Pakistan cricket captain Babar Azam has made the country proud once again by setting yet another record.
According to ESPN Cricinfo, since the start of 2019, Azam has scored the highest number of runs in men’s T20Is as well as in T20s.
The batsman has scored 1,004 runs in T20Is since 2019 in 26 innings. His highest score was 122 runs, while he scored 10 half-centuries during this time, followed by India’s Virat Kohli who scored 992 runs in 24 innings with the highest score of 94 runs.
Ireland’s Paul Stirling is in third place with 943 runs, which he scored in 26 innings. His highest score was 95, while he also scored 10 half-centuries like Azam and Kohli.
Azam also holds the credit of scoring a whopping 3,461 runs in T20s.
Per the report, the 26-year-old batsman has an average of 41.33 and 49.44 in the two formats, respectively.
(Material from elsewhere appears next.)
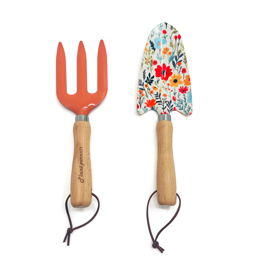 Duo outils de jardin mini râteau et pelle en bois et acier

In comparison to Azam, only India’s Virat Kohli and England’s Dawid Malan have greater averages in T20Is. Meanwhile, only Aussie batsman David Warner is ahead of the Pakistani skipper in terms of averages in T20s.
Babar Azam the T20 batter often faces criticism for the role he plays and his strike rate, but let’s lay down some basic facts: Since the start of 2019, he has scored the most runs in T20Is (1004) as well as in T20s (3461) in the world. He averages 41.33 and 49.44 in the two formats respectively. With a minimum cut-off of 2000 runs, only Virat Kohli and Dawid Malan average more than Azam in T20Is and only David Warner is ahead in T20s.
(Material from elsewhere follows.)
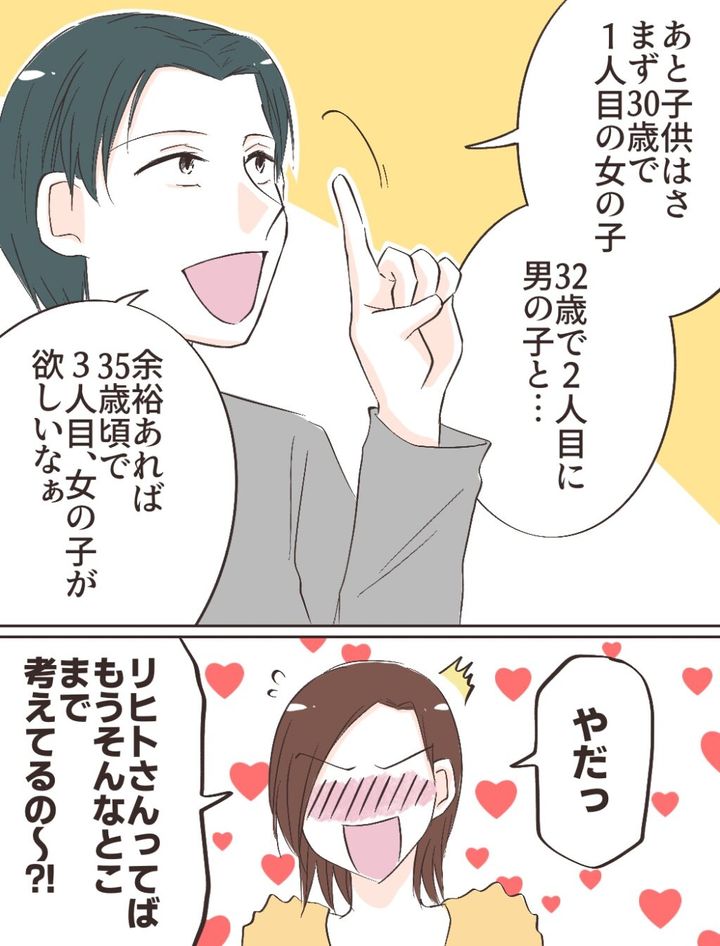「あと子どもはさ、まず30歳で一人目の女の子、32歳で二人目に男の子と・・余裕あれば、35歳頃で三人目、女の子が欲しいなぁ」と具体的に言われ、「やだっ、リヒトさんってば、もうそんなことまで考えてるの~!?」と照れながら答えると、

Averages and runs scored are perhaps not the best metrics to measure a player’s worth in this format. Is strike rate better? Out of the 18 players who have scored 2000 runs, Azam has scored slower than just seven. Three of those – Glenn Maxwell, Kieron Pollard and AB de Villiers – are finishers and T20 greats.
The two openers with better strike rates than Azam’s 137.23 are Alex Hales and Chris Lynn, but both average slightly above 30. Azam has scored faster than the likes of Kohli, KL Rahul, Warner, Aaron Finch, Malan and Shikhar Dhawan. Azam also tops the charts in 50-plus scores, with 34 such scores in just 83 innings. This means that if you have Azam in your team, he will most likely score 50 runs off around 37 balls every second match he bats.
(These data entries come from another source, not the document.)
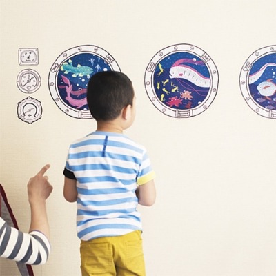 潜水艦の窓の向こうに深海魚の姿が!? 深海の世界をのぞいている気分になれるウォールシールはいかがですか? タコメーターも付いて、ますます潜水艦っぽいでしょ。つながる絵柄になっているから、集めて壁に等間隔に貼るのがおすすめ。
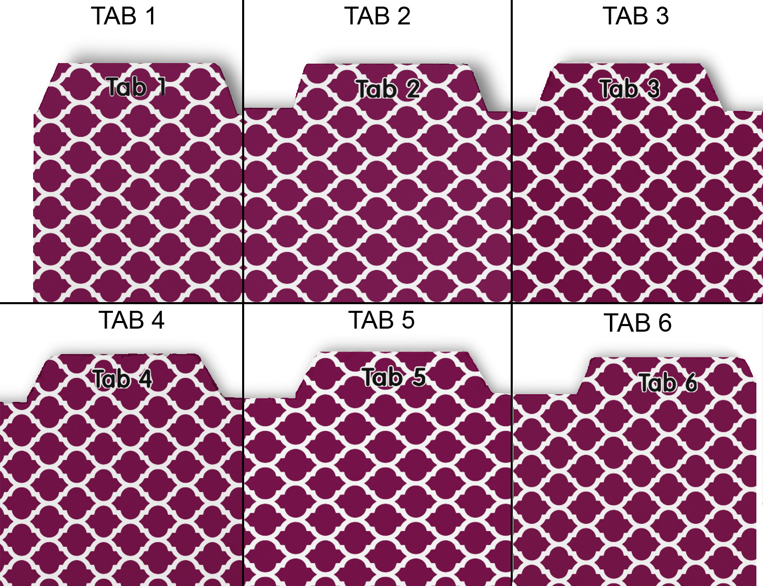 Whether you use binders at school or at work, we have designs to suit all of them. Available in 5 or 6 tab sets, you are sure to find a set to suit your needs. The back of each one is white and can be used to take notes, write vital information on, etc.
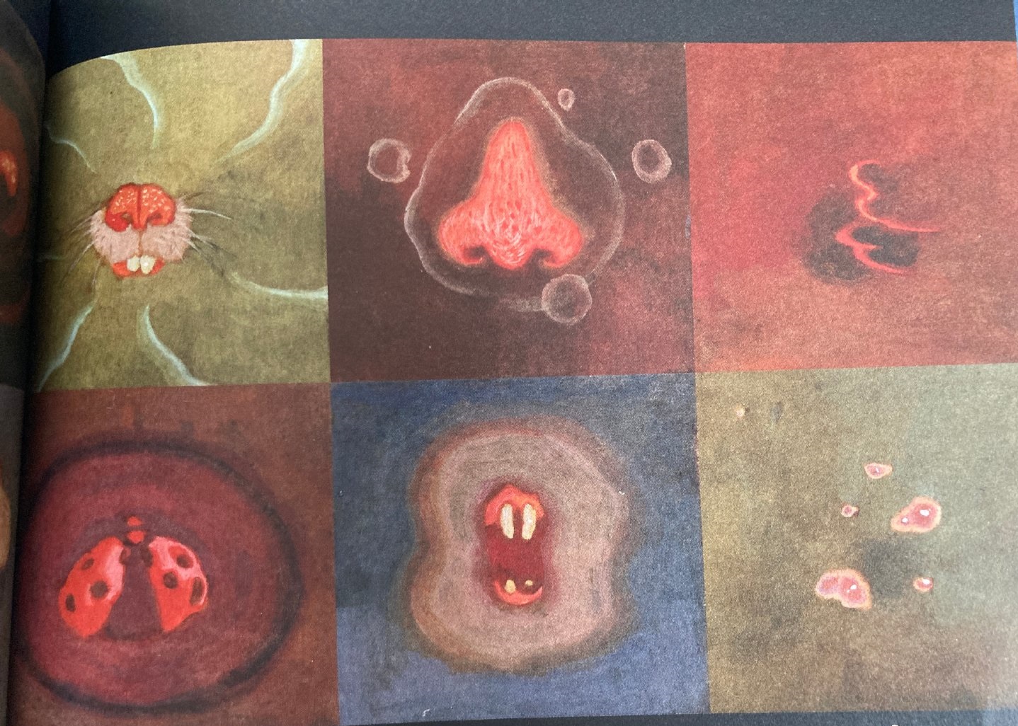 小说中用开篇的老鼠暗示了眉间尺踏上复仇道路的深层动机 – 为了拯救困在窘境任人宰割的苍生。在昔酒的绘本中,这一动机则通过眉间尺与现实交错的梦境得到了进一步加强,在亦真亦幻的清明梦中,蒙太奇手法的镜头语言下,渲染出了老鼠这一意象对眉间尺的影响。

The role of top-three batters in a T20 side like Pakistan is often questioned without acknowledging how much it is a function of the team’s power-hitting capabilities in the middle and lower-middle order. Malan – the top ranked T20I batter – does not find himself in the crosshairs of critics as often as Azam because England can afford his scoring rate. At the Royal Challengers Bangalore, Kohli’s scoring rate in the first leg of IPL 2021 didn’t attract much attention because he had de Villiers and Maxwell to follow. Azam, unfortunately, doesn’t always enjoy that luxury.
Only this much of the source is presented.